Stored items:
....

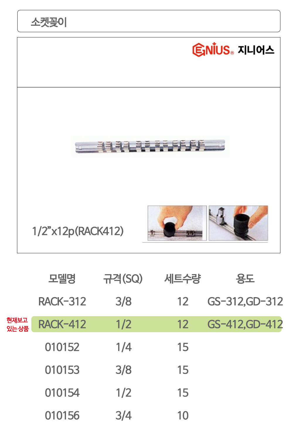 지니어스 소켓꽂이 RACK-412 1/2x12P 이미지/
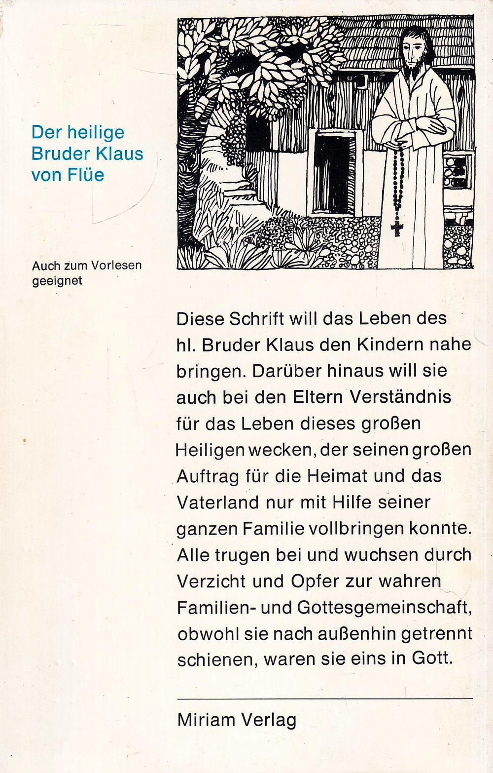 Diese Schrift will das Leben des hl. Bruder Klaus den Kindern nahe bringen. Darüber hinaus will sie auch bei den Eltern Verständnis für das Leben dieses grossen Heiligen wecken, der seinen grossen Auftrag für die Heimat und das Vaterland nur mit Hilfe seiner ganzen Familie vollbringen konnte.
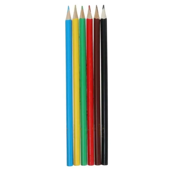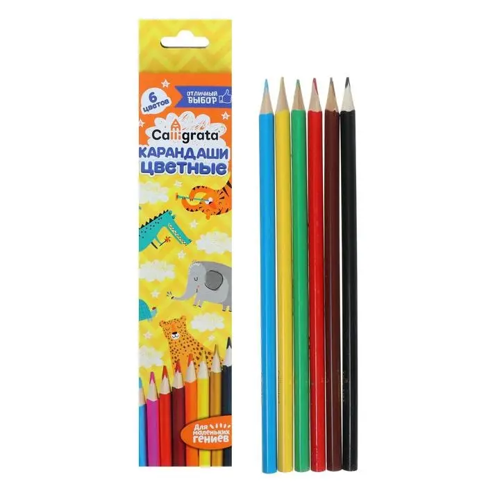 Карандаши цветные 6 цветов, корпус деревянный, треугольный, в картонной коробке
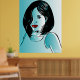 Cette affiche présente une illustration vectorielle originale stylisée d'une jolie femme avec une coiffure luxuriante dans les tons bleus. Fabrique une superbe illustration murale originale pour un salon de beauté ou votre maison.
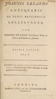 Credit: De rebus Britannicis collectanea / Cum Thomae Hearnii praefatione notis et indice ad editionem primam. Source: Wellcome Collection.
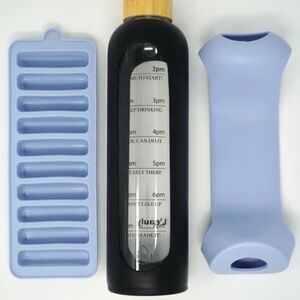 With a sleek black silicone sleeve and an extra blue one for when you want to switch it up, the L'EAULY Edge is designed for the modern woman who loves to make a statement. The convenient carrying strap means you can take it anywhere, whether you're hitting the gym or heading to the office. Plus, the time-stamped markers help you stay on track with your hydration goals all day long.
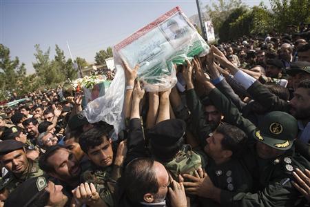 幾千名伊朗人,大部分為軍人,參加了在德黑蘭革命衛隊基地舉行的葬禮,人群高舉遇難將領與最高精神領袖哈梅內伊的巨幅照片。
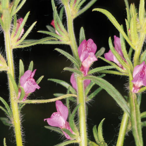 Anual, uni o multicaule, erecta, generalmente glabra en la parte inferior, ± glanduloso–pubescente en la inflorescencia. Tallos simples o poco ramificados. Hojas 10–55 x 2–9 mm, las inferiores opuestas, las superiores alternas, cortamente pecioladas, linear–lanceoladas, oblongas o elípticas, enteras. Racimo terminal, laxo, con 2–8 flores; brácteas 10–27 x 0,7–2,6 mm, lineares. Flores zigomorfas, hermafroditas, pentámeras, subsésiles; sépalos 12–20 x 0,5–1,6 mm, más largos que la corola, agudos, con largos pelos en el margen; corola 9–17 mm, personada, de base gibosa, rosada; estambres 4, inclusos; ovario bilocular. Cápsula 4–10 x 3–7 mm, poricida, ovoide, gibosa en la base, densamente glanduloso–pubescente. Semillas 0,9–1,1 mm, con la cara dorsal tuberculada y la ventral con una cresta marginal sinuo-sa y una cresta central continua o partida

....

▶ **BRIEF**
Write out word for word the lines above that run from the one with "With a sleek" to the one with "幾千名伊朗人,大部分為軍人,參加了在德黑". Include both end lines; exclude the images.

▶ **ANSWER SECTION**
 With a sleek black silicone sleeve and an extra blue one for when you want to switch it up, the L'EAULY Edge is designed for the modern woman who loves to make a statement. The convenient carrying strap means you can take it anywhere, whether you're hitting the gym or heading to the office. Plus, the time-stamped markers help you stay on track with your hydration goals all day long.
 幾千名伊朗人,大部分為軍人,參加了在德黑蘭革命衛隊基地舉行的葬禮,人群高舉遇難將領與最高精神領袖哈梅內伊的巨幅照片。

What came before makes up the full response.